=== Begin Enclosure ===

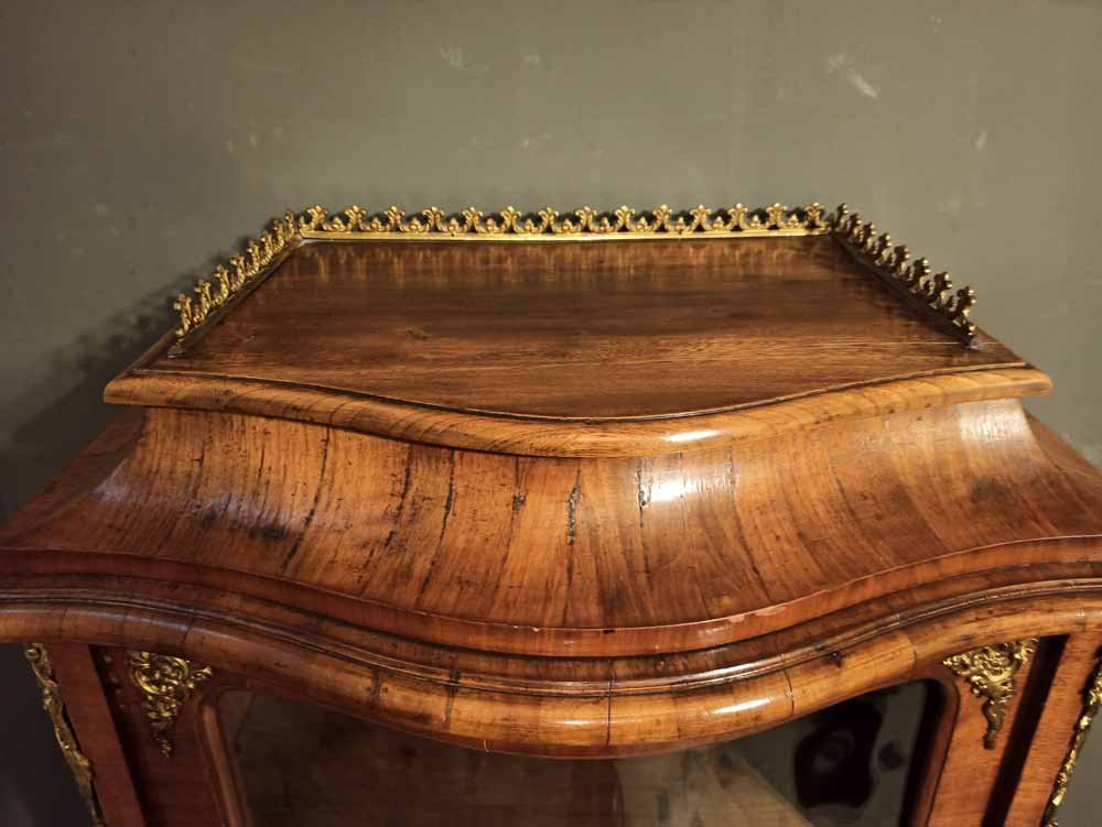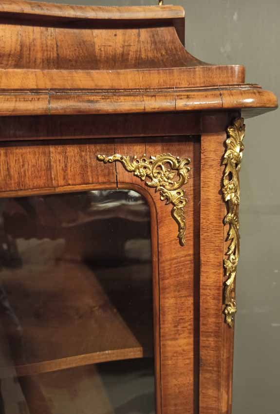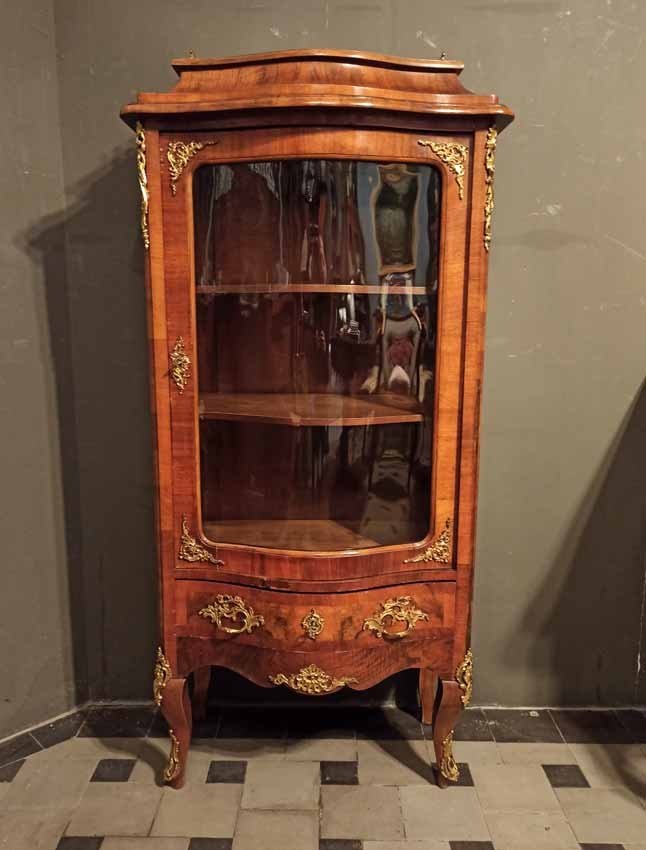 Gewölbte Front und gewölbtes Glas. Nussbaum Maser und Nuss Wurzel furniert. Allseits D.II. typische Beschläge in hoher Qualität.
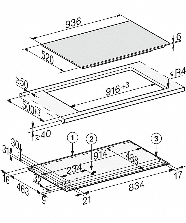Afmetingen van de uitsparing in mm (breedte) bij inbouw met rand: 916
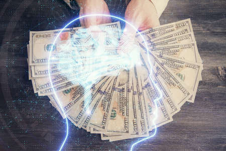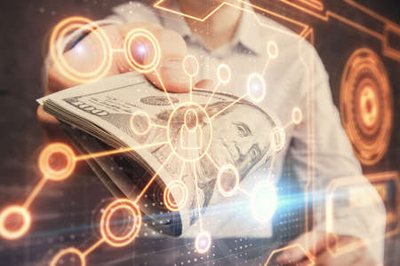 Multi exposure of blockchain theme drawing hologram and USA dollars bills and man hands. Business concept.
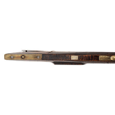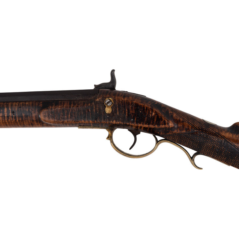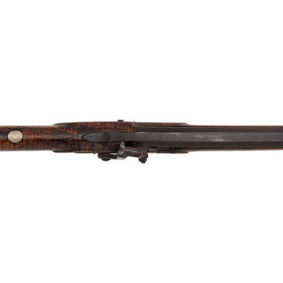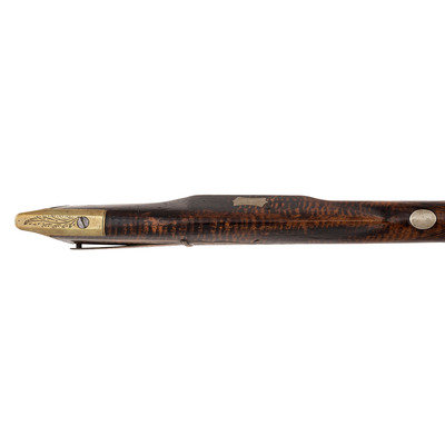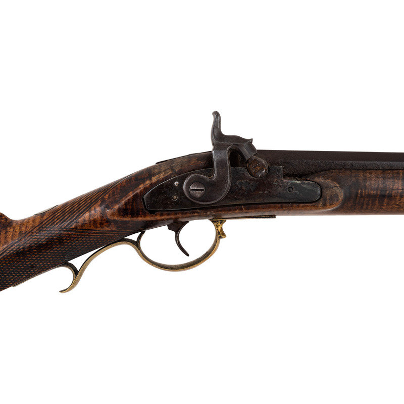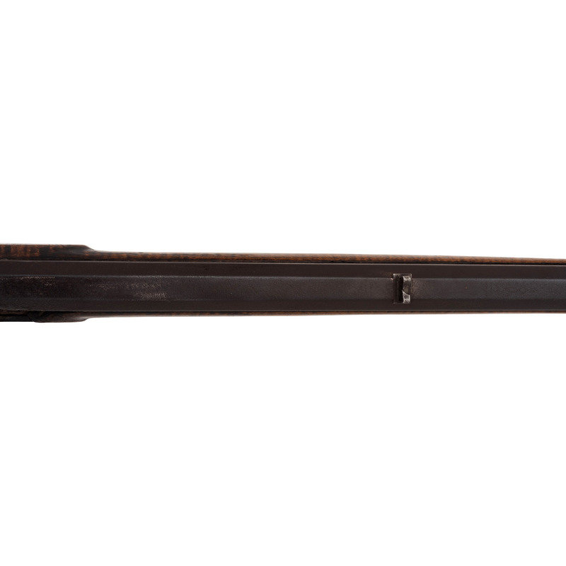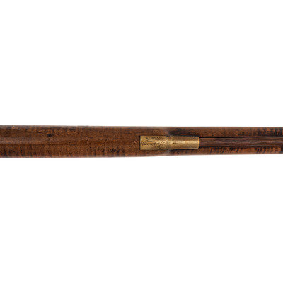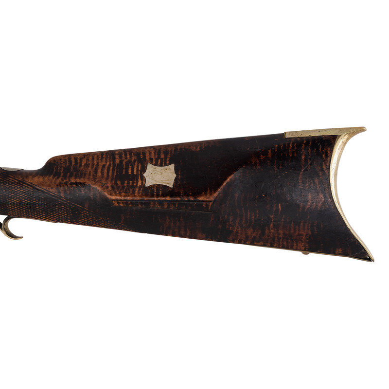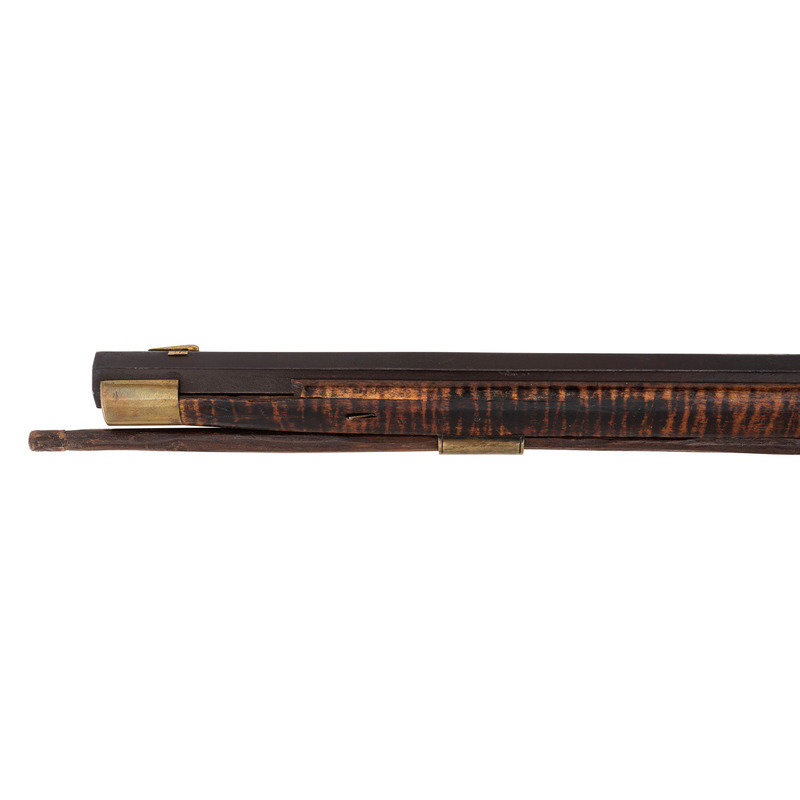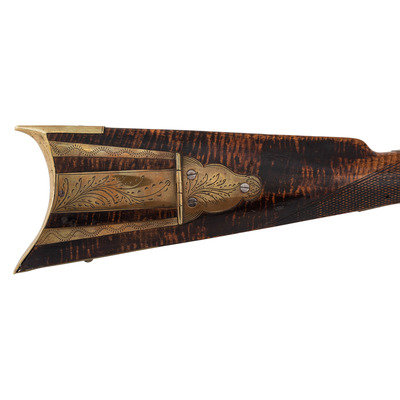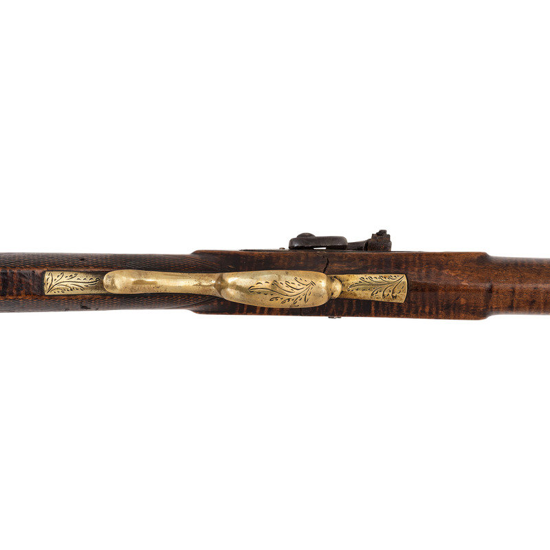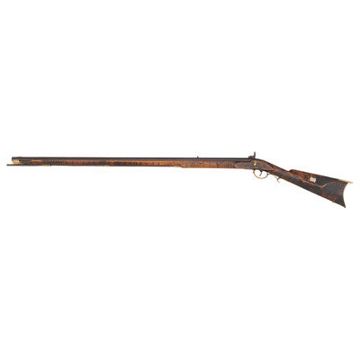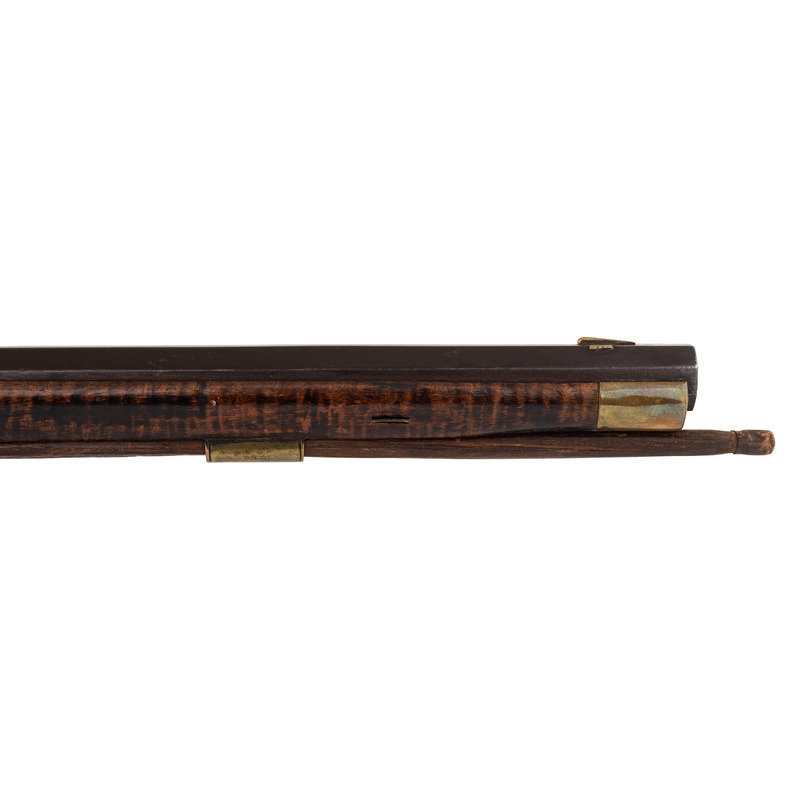 .50 caliber. 38.25" wedge retained octagonal barrel. SN: NSN. Browned finish, brass furniture, full-length faux striped hardwood stock with checkered wrist and raised cheek rest. Single screw commercial percussion lock is lightly engraved and unmarked. Barrel with drum bolster is weakly marked "A GIBBS" and "LANCASTER". Lightly engraved Lancaster style four-piece brass patchbox, with release in toe plate, crescent buttplate, extended finger spur triggerguard. Dovetailed notch rear sight, dovetailed brass blade front sight. Simple brass pipes secure an old wood ramrod. Three small, plain German silver escutcheon plates are set into the toe line of the stock, the wrist and the cheek piece. Abraham Gibbs is listed as a gunmaker in Lancaster, PA during the mid-19th century.

=== End Enclosure ===

Produce an exact copy of every line above, with the images left out.

-- YOUR RESPONSE --
 Gewölbte Front und gewölbtes Glas. Nussbaum Maser und Nuss Wurzel furniert. Allseits D.II. typische Beschläge in hoher Qualität.
Afmetingen van de uitsparing in mm (breedte) bij inbouw met rand: 916
 Multi exposure of blockchain theme drawing hologram and USA dollars bills and man hands. Business concept.
 .50 caliber. 38.25" wedge retained octagonal barrel. SN: NSN. Browned finish, brass furniture, full-length faux striped hardwood stock with checkered wrist and raised cheek rest. Single screw commercial percussion lock is lightly engraved and unmarked. Barrel with drum bolster is weakly marked "A GIBBS" and "LANCASTER". Lightly engraved Lancaster style four-piece brass patchbox, with release in toe plate, crescent buttplate, extended finger spur triggerguard. Dovetailed notch rear sight, dovetailed brass blade front sight. Simple brass pipes secure an old wood ramrod. Three small, plain German silver escutcheon plates are set into the toe line of the stock, the wrist and the cheek piece. Abraham Gibbs is listed as a gunmaker in Lancaster, PA during the mid-19th century.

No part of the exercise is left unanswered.